Чтобы придать некоторую содержательность своему общему анализу, я рассмотрю два исторических примера: замалчивание правды об «окончательном решении» Гитлера и встречу Китая с Западом в XIX веке. Другие примеры будут упомянуты вкратце для иллюстрирования отдельных тезисов.
В «Ужасной тайне» Вальтер Лакер подробно разбирает причины того, почему понадобилось столько времени, чтобы новость о гитлеровском геноциде была принята немцами, союзниками и нейтральными странами, включая евреев во всех этих странах. Следующие его наблюдения особенно значимы для проблематики настоящей книги.
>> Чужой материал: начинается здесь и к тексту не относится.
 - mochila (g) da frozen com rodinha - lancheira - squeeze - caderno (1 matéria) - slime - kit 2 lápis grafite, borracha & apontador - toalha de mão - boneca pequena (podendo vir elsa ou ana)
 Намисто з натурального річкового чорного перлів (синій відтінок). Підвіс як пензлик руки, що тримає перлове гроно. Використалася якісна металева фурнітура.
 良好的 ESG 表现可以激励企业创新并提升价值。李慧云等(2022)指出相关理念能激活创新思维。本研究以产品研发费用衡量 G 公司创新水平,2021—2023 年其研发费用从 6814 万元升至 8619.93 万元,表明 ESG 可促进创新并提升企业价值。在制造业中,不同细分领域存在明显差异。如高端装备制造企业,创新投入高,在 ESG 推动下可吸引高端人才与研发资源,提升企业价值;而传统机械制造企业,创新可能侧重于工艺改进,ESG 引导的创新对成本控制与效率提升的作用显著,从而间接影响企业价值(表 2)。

Во-первых, хотя к концу 1942 года миллионы немцев знали, что еврейский вопрос был решен радикальным образом, подробности были известны меньшему числу людей[368]. Как было указано выше, недостаток конкретного знания помогает примириться с общим знанием. Близкая, хотя и иная, идея состоит в том, что «хотя многие немцы думали, будто евреи не были живы, они отнюдь не всегда считали, что они были мертвы»[369]. Это крайний пример вполне распространенного явления, а именно неспособности сделать логический вывод из собственных убеждений[370]. Подобная неспособность может быть связана с когнитивным изъяном или, как в данном случае, с давлением аффектов. Последняя возможность предлагает на первый взгляд сильные доводы в пользу существования самообмана как явления, отличного от принятия желаемого за действительное, ведь как тогда неприятный вывод мог заблокировать умозаключение, если оно уже было каким-то образом сделано? У меня нет простого ответа на это возражение.
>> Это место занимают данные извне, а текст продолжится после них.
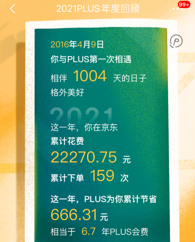 昨天,京东上线了 2021 PLUS 年度回顾页面,可查看 2021 年度累计花费和下单次数。在京东 App 搜索“年度回顾”即可进入该页面。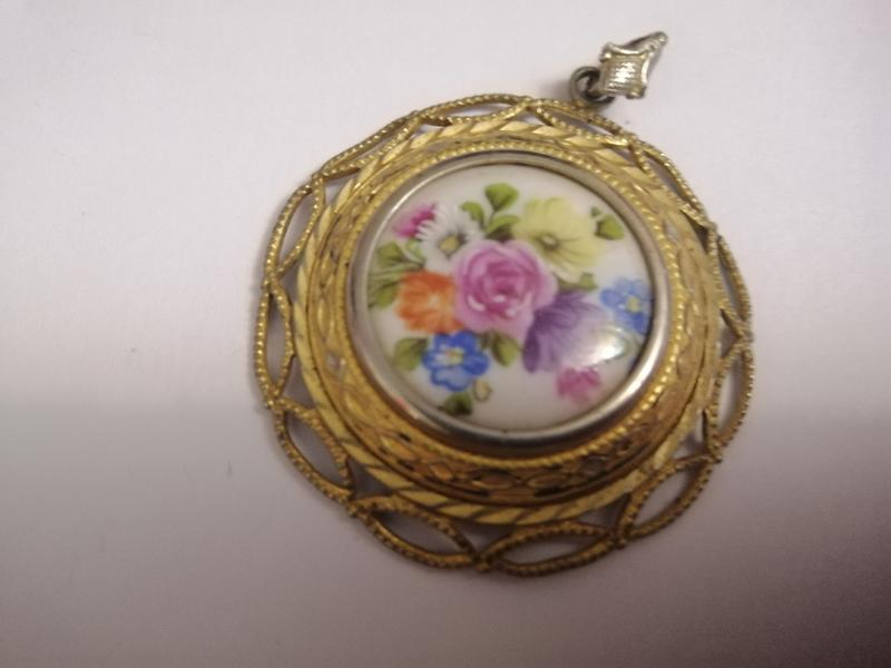 металл желтого и серого цветов, вставка похоже на керамику или фарфор с росписью.

Во-вторых, были случаи, в которых провал был не провалом дедуктивной логики, а провалом суждения и умозаключения на основе фактов. Здесь, естественно, есть большой простор для принятия желаемого за действительное, к которому евреи многих стран, оккупированных нацистами, явно имели большую склонность. Даже тогда, когда сбежать было легко, как в случае Дании, многие евреи полагали, что «здесь такое случиться не может» и даже «там такого не было». Редкое письмо от депортированного родственника было важнее новостей об уничтожении евреев немцами[371]; а отсутствие писем от подавляющего большинства депортированных знакомых не принималось в расчет[372]. Среди многих вероятных здесь механизмов принятия желаемого за действительное мы можем указать выборочное придание веса фактам, выборочное сканирование[373], оценку новых фактов по отдельности, а не вместе с остальными[374] и неспособность воспринять негативные факты, то есть отсутствие фактов, которые ожидались бы в случае верности избранной гипотезы. Там, где убежать было нелегко и угроза была более очевидной, как в Польше и Восточной Европе, непонимание больше походило на самообман. Лакер сравнивает его с верой в чудесное исцеление смертельно больных людей и добавляет, что данная аналогия в некоторой степени вводит в заблуждение, так как евреи, оказавшиеся в опасности, в отличие от умирающих от рака, выиграли бы от более реалистичной оценки своего положения[375]. Полагаю, доводы в пользу самообмана сильнее в случае умирающих, у которых вера в чудесное исцеление, как правило, вытесняет прежний скептицизм или даже прямое неверие, которым нет соответствия в случае евреев, считавших, что им ничто не угрожает. Кроме того, вера в чудесное исцеление в некоторых случаях может быть рациональным выбором, когда все остальные средства ничего не дают и больше нечего терять. Я не думаю, что приведенное Лакером сравнение может послужить основанием для приписывания самообмана (отличного от принятия желаемого за действительное) восточноевропейским евреям.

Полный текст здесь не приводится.